Thursday, 10 August 2017

Got a good idea that you want to develop but don't have the resources? Then Nesta's new Inventor Prize is looking for you!  Announced this week after a period of consultation, the prize is £50,000 funded by the Department of Business, Energy and Industrial Strategy, aimed specifically to: 

  • Support the development of selected products
  • Build the capacity of prize participants (inventors)
  • Champion and raise the profile of the lone or small scale inventor

I'm really pleased to see this pilot prize, as, having worked in the literature sector, I have seen the benefits of both funds and profile to the careers of competition winners in that sector, and I'd love to see more profile, support and respect given to different types of creative people with good ideas. However I have also seen what a difficult/impossible process it is to judge between radically different ideas and I am really interested to see what gets chosen and what gets relegated... You've got until the 22 October to send in your entry, so you'd better get dusting off that prototype!
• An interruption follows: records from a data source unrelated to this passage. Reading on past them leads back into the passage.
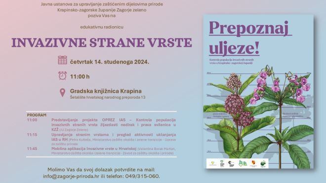Javna ustanova Zagorje zeleno organizira edukativnu radionicu o invazivnim stranim vrstama u sklopu projekta OPREZ IAS, koja će se održati u četvrtak, 14. studenoga 2024., s početkom u 11:00 sati u Gradskoj knjižnici Krapina (Šetalište hrvatskog narodnog preporoda 13).
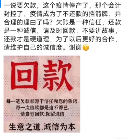有網(wǎng)友表示,疫情成了不還款的擋箭牌。一說要欠款就說停產(chǎn)了,會(huì)計(jì)封控了。疫情是暫時(shí)的,信譽(yù)是長久的,大家都在疫情中,都很艱難。
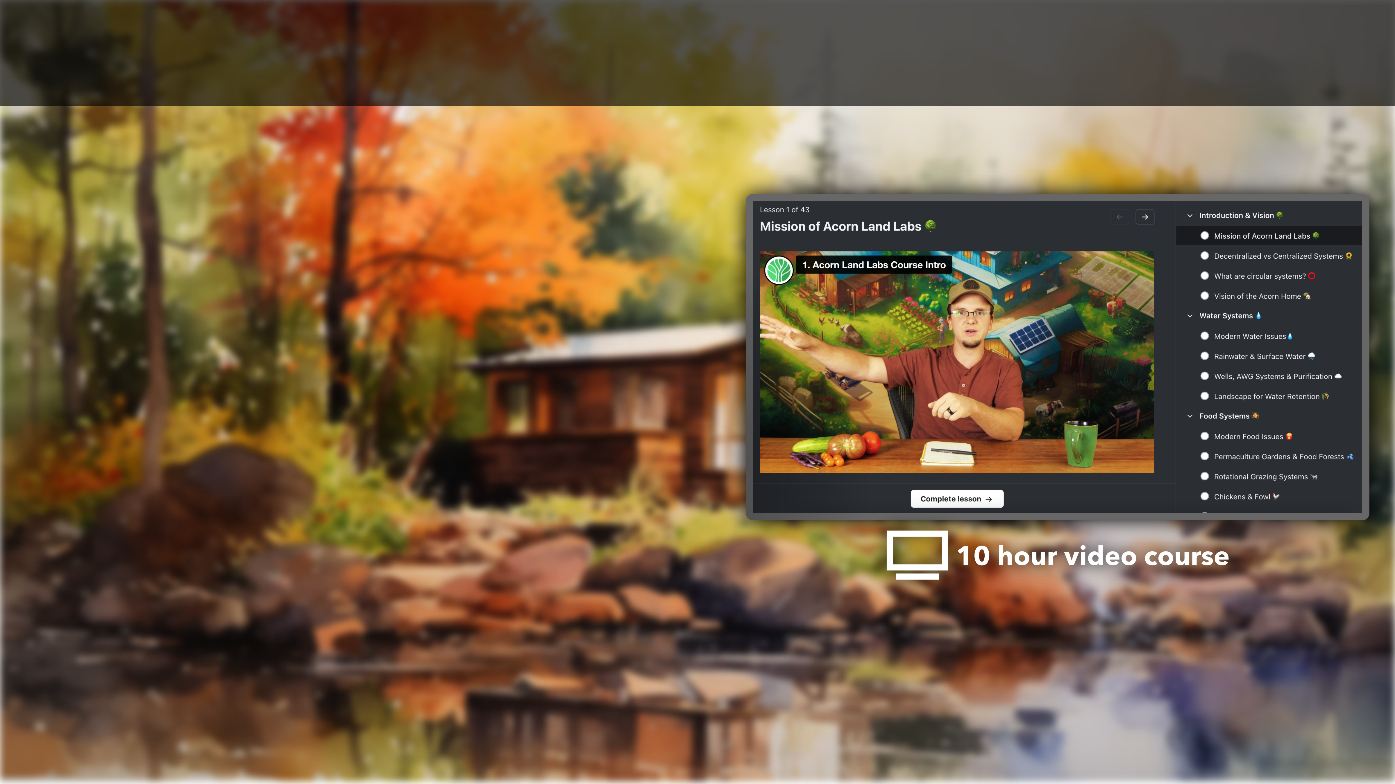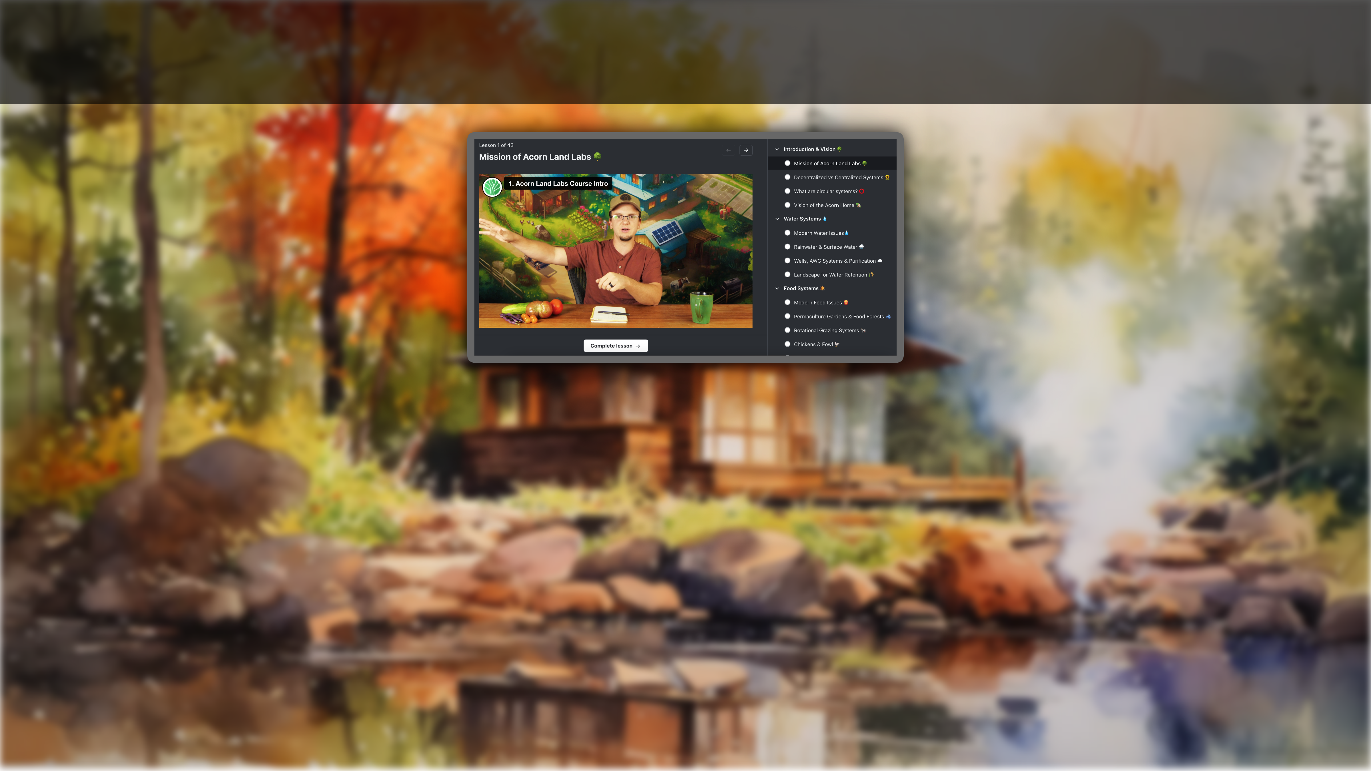 This course gives an in depth look at every system we need in order to get up and running our off-grid (or even partially off grid) sustainable lifestyles. I have been researching for a number of years piecing together information here and there about different systems, different choices within each system and quite frankly, it's been exhausting and overwhelming. I had often felt like giving up. This course does all the leg work for me, even covering all the important reasons we need to be doing this for our families, our health and for future generations, and I get to get down to the business of implementing the strategies I choose, which are very clearly explained. I'm learning so much in every single video. I'm constantly sharing the nuggets of wisdom I'm learning with my family and everyone is getting excited about the new ways of living. I really enjoy seeing Kemble's friendly face and his positive attitude about even our small changes being able to make a huge difference is reassuring. A lot of people teaching this kind of lifestyle have a survival of the fittest attitude, hardcore negative about society with a "lack" mentally. Thankfully, none of those things are present in this course or Kemble's delivery. It's all about making the world a better place and improving our lives without relying on old systems that simply do not work or cannot / should not be relied upon. I love the course and I love being connected to the wonderful community of people, in all different stages of off-grid living. THANK YOU for this amazing course, app and community.

If, however, you feel the talent lies in the next generation and you've got some small people already going crazy in the rainy summer holidays, this (admittedly a bit expensive and hipster) company called Jam thinks it can help. They offer online courses encouraging children to build projects with help from tutorials and feedback. If you can bear the cuteness and the price tag I think they could be quite fun, although I have found that simply searching Youtube for ways to make things could be just as rich and rewarding: try 'boats out of recycled materials' for example, and you'll find hundreds of people quietly making boats of all shapes and sizes and uploading videos about them. Hours of fun!

Finally, my friends over at Little Atoms have been focussing their attentions on inventions lately, and very sweetly let me write an article about my book project for them. Once you're there, do poke around their site and have a look around, they are interested in how the sciences and arts intersect and have some wonderful articles and podcasts on their site.

P.S. A big thank you to all my supporters new and old, by the way. Things have been a bit quiet lately but I promise you, this project is going to get made, and I couldn't do it without you. Much appreciation to you all.